Высокое собрание хранило молчание.
– Несчастная помешанная живет в пансионе Уже много лет, – продолжал убеждать мосен Бисансио. – Это ее дом. Было бы куда справедливее оставить ее умирать здесь, среди друзей, словом, в кругу семьи. Мы – это все, что у нее есть в этом мире. Имейте в виду, – добавил он, многозначительно поглядев поочередно на всех собравшихся, – эта женщина заключила соглашение с самим дьяволом. Она обречена на ад и вечные муки, и перед лицом этой ужасной перспективы наша прямая обязанность, я бы сказал – наш долг, как минимум, состоит в том, чтобы попытаться скрасить последние дни ее земной жизни.
Цирюльник приготовился было высказать протест по всей форме, но его прервала сеньора Агата.
– Мосен Бисансио прав, – только и произнесла она хриплым, точно у рудокопа, голосом.
Никто в пансионе, за исключением мужа, не слышал от нее ни слова; потрясенные этим обстоятельством, а более всего – лаконичностью ее фразы, жильцы прекратили препирательства.
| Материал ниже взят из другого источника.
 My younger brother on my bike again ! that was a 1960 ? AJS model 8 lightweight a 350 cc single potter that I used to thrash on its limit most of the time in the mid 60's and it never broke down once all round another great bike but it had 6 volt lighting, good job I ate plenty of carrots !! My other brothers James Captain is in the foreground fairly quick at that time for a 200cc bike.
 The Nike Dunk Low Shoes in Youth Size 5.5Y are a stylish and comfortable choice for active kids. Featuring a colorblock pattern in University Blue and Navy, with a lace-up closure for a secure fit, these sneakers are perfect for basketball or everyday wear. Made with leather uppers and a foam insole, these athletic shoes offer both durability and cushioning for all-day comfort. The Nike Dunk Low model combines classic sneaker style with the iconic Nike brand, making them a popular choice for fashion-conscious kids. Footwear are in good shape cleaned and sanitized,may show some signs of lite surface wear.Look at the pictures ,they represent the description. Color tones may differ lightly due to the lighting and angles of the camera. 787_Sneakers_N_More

Онофре первым понял, куда ветер дует, и не успели слова сеньоры Агаты отзвучать в притихшем вестибюле, поспешил высказать свое одобрение. Цирюльнику ничего не оставалось, как уступить. Мосен Бисансио пообещал взять все хлопоты по уходу за больной на себя, и, к всеобщему удовольствию, высокое собрание закончило свою работу на теплой, дружеской ноте. Но за ужином постояльцы пригорюнились, словно из-за отсутствия Микаэлы Кастро над пансионом повисло облачко тревоги: все вдруг осознали, что она ушла безвозвратно и уже никогда не будет надоедать им своими бредовыми фантазиями.
Наконец завершился 1887 год. По той или иной причине, но он показался гораздо длиннее всех предыдущих; наверное, потому, что не принес особого счастья – так случается сплошь и рядом.
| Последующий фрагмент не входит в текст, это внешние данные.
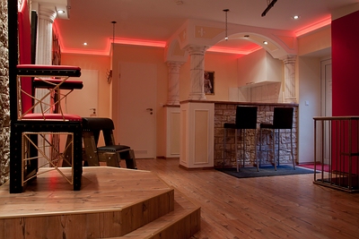 Barbereich: mit kleiner Küche (komplett eingerichtet), Sitzecke mit Klappsofa 180cm, Dominathron auf Podest, Spankbock, Käfig, Spinnennetz, Spreizstuhl, Soundanlage und Fernsehen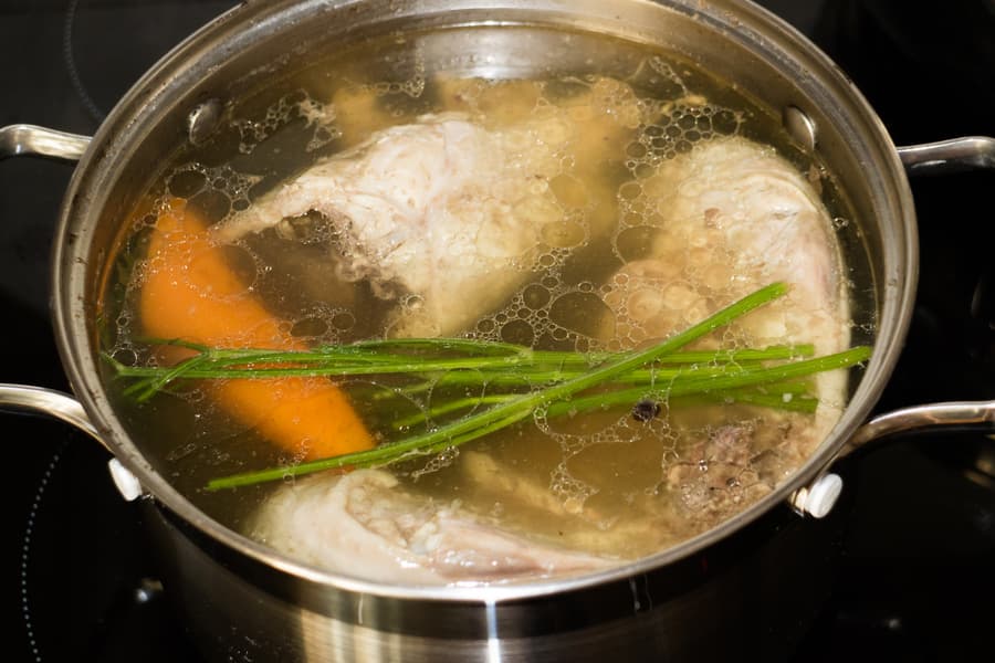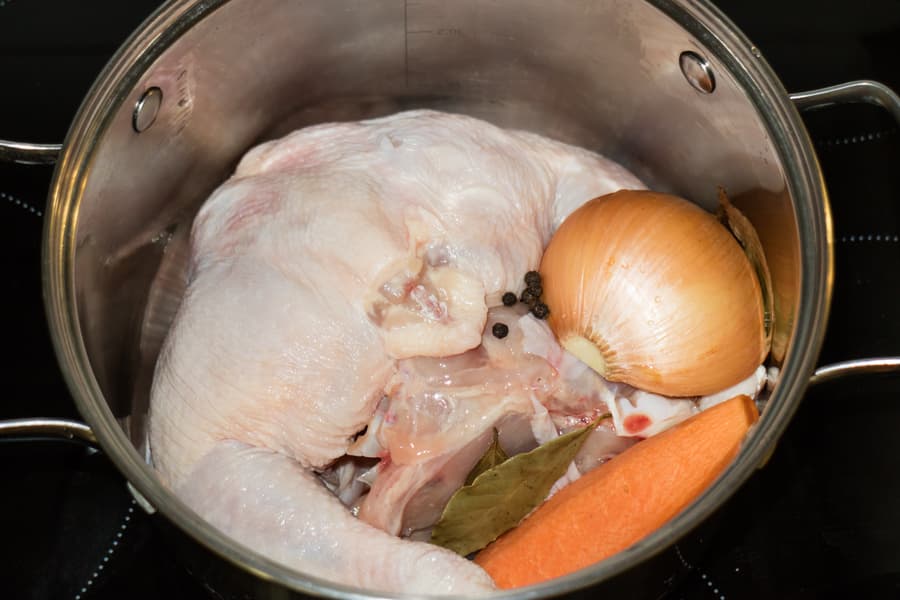 Срезали с хорошей алтайской курицы грудку и поместили тушку в трехлитровую кастрюлю, добавили половину луковицы и морковку, горошины черного и душистого перца, соль и лавровый лист. Залили все это богатство водой и поставили на малую конфорку.

– Каким-то будет следующий? Дай бог, чтобы был хоть чуточку удачливей, – желали друг другу барселонцы.
А может, скверные воспоминания об ушедшем годе были вызваны суровыми холодами последних двух недель – кто теперь знает? Снег в тех местах, где его не убрали, подтаивал, образуя сплошную корку льда, и увеличивалось количество травм от падений. Остряки шутили:
– В Барселоне сейчас холоднее, чем на Северном полюсе.
Так совпало, что в это время производилась реконструкция площади Каталонии, и она, сплошь изрытая канавами, заваленная горами смерзшегося мусора, действительно производила впечатление безжизненной серой тундры. Одна газета опубликовала сенсационную новость: на площади в одной из ям нашли несколько яиц очень крупного размера, по виду пингвиньих. Кто-то пустил слух, будто яйца исследовали в лаборатории и подтвердили их происхождение. Скорее всего, эту шутку приготовили ко Дню простаков, но она затерялась где-то в редакционных коридорах и была опубликована не ко времени. Тем не менее газетная утка является красноречивым свидетельством той роли, какую холод сыграл в жизни обитателей города, в большинстве своем совершенно не подготовленных к защите от его грозных наскоков. На пляже, где жили бездомные рабочие со своими семьями, ситуация достигла критической точки. Однажды ночью женщины, чтобы не замерзнуть насмерть, подхватили детей на руки и отправились в город. Мужчины за ними не последовали, рассудив на трезвую голову, что в их присутствии дело может принять нежелательный оборот. Женщины и дети перешли железный мост, соединявший пляж с парком Сьюдаделы, и зашагали среди недостроенных павильонов в сторону Дворца изящных искусств. Этот дворец, ныне не сохранившийся, стоял тогда справа от бульвара Сан-Хуан, если заходить в него через Триумфальную арку, – как раз на линии пересечения с Торговой улицей, – то есть за пределами парка, но на территории Всемирной выставки. Размеры Дворца изящных искусств составляли 88 метров в длину, 41 в ширину и 35 в высоту без учета четырех пирамидальных куполов, увенчанных скульптурами – аллегориями Славы. Во дворце помимо залов и галерей, предназначенных для размещения предметов искусства, имелся великолепный салон размером 50 на 30 метров для разного рода торжественных мероприятий. В этот салон и пришли женщины с детьми с намерением расположиться в нем на ночь. Ответственный за охрану жандармский офицер поставил в известность соответствующие органы власти.